Most independent-living units in a CCRC consist of one or two bedrooms, a living room, a kitchen, and a full bathroom. CCRCs typically have a number of common areas, including one or more resident dining rooms, and many also have libraries, hair salons, convenience stores, exercise and game rooms, and banking facilities.
Other Care Options
• Adult day health programs, also known as adult day care centers, provide supervision, recreation, health, and personal-care services during the day to older people so that family caregivers can work or attend to other responsibilities. All adult day health programs must meet minimum standards set by the Massachusetts Medicaid program, also known as MassHealth. Adult day health programs are provided either on a private pay basis or through Medicaid.
• Adult foster-care programs match elders who are no longer able to live alone with families willing to provide room and board and personal care. Families are paid a stipend by MassHealth for elders who are Medicaid-eligible. Some adult foster-care funding is also available to pay for assisted-living services for people who are clinically and financially eligible through the state’s Group Adult Foster Care Program.
• Congregate housing facilities provide a living arrangement in which elders have a private bedroom and share common space with others. Support services are usually available to help elders maintain their independence. Most congregate housing sites are sponsored by local municipal housing authorities or nonprofit organizations. Public congregate housing is partially subsidized by the state or federal government.

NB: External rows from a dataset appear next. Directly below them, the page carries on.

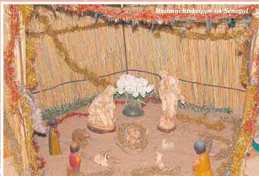
Weihnachtskrippe im Senegal

Sie alle trugen und tragen viel dazu bei, dass es sich bei uns gut leben lässt. Dafür möchte ich Ihnen allen ein herzliches Dankeschön sagen!
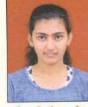
કોહારી નેયા જે. વીરબાળા
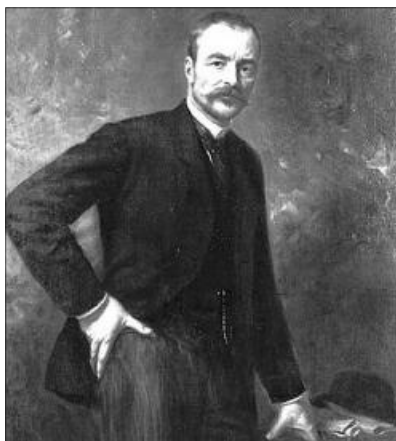
Benczúr Gyula: Tisza István, 1914

Az általunk tanulmányozott irodalomból kiemeljük A.G.M. Abbing művét, amely Trianon drámái következményeiről szól. A közzétett dokumentumok alapján Abbing 1931-ben arra a következtetésre jutott, hogy Tisza István 1914. július 1-jén és 7-én két memorandumban is a háború ellen foglalt állást. Azt, hogy július 19-én mégis hozzájárult a hadüzenethez, annak a mérlegelésével történt, hogy a hírszerzők tudomására hozták: Sassanov orosz külügyminiszter és Brătianu miniszterelnök szövetséget kötöttek és ennek fejében az oroszok Erdélyt felajánlották Romániának. Tisza miniszterelnök ekkor megfontolta, hogy miként birkoznának meg egy tízmillióos orosz hadsereggel. Mindenesetre írásban rögzítette, hogy a Szerbiával szembeni háború nem vezethet az ellenséges területek bekebelezéséhez.
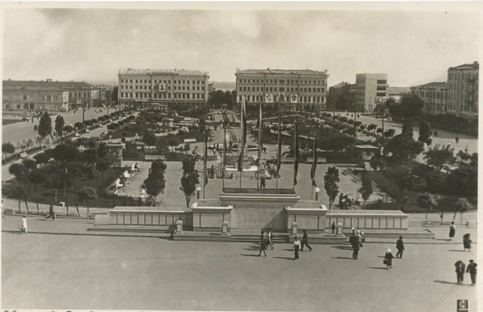
Г. Сталинград. Площадь наших Борцов Революции.
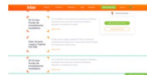
Inter, Produto – 22 de outubro de 2020

Alteração da taxa de conveniência para pagamento de boletos com cartão de crédito de “2,99% e [...]”
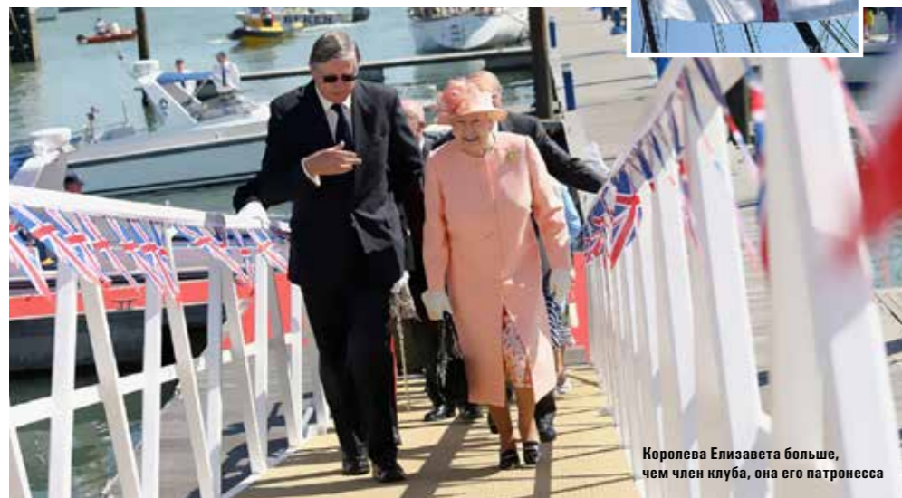
Королева Елизавета больше, чем член клуба, она его патронесса

Члены клуба и их гости, которые хотят задержаться в «Замке» на несколько дней, могут воспользоваться одним из 15 номеров, в том числе престижной Комнатой коммодора**.
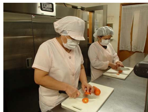
調理室（下蒲刈保育所）

• Home-based services help individuals live independently at home and are provided by home health agencies, visiting nurse associations, and state-funded home-care corporations (called aging services access points, or ASAPs). They include homemaker services to maintain household functioning, including help with home management, shopping, meal preparation, and light housekeeping; and personal care, including bathing, dressing, grooming, and toileting. They may also provide health services; home health aides provide basic healthcare services such as personal care, recording temperatures and checking pulses, changing simple bandages, and assisting with self-administered medications, while licensed nurses and therapists provide skilled nursing care and therapeutic services.
• Hospice care serves patients with a life-threatening illness and a life expectancy of six months or less. Hospice care may be provided in the home, nursing facility, or hospital, and the hospice team works cooperatively with the patient, family, physician, and other caregivers to provide specialized care that is focused on comfort, not cure. The hospice team includes the patient’s physician, hospice medical director, registered nurses, home health aides, licensed social worker, bereavement counselor, pastoral counselor, rehabilitation therapists, and volunteers.
• Resident Care Facilities (RCFs), also known as rest homes, provide housing, meals, 24-hour supervision, administration of medications, and personal care to individuals who do not routinely require nursing or medical care.
• Respite care is short-term care provided at home, in a nursing facility, or in an assisted-living residence to give families caring for elders at home some time off from their caregiving responsibilities.
• Finally, independent-living senior communities are an option if you want to live on your own, but don’t want to have all the chores that go along with having a home. It’s also a great option for people who want to live in a community with other seniors. Depending on the community you choose, you can rent an apartment either at the market rate or, if your income level applies, a lower rate. They are often specially designed with things like railings in bathrooms or power outlets higher up on the wall. They may also offer a 24-hour emergency call service if residents need help right away. Some facilities may also offer services like meals, transportation, social activities, and other programs.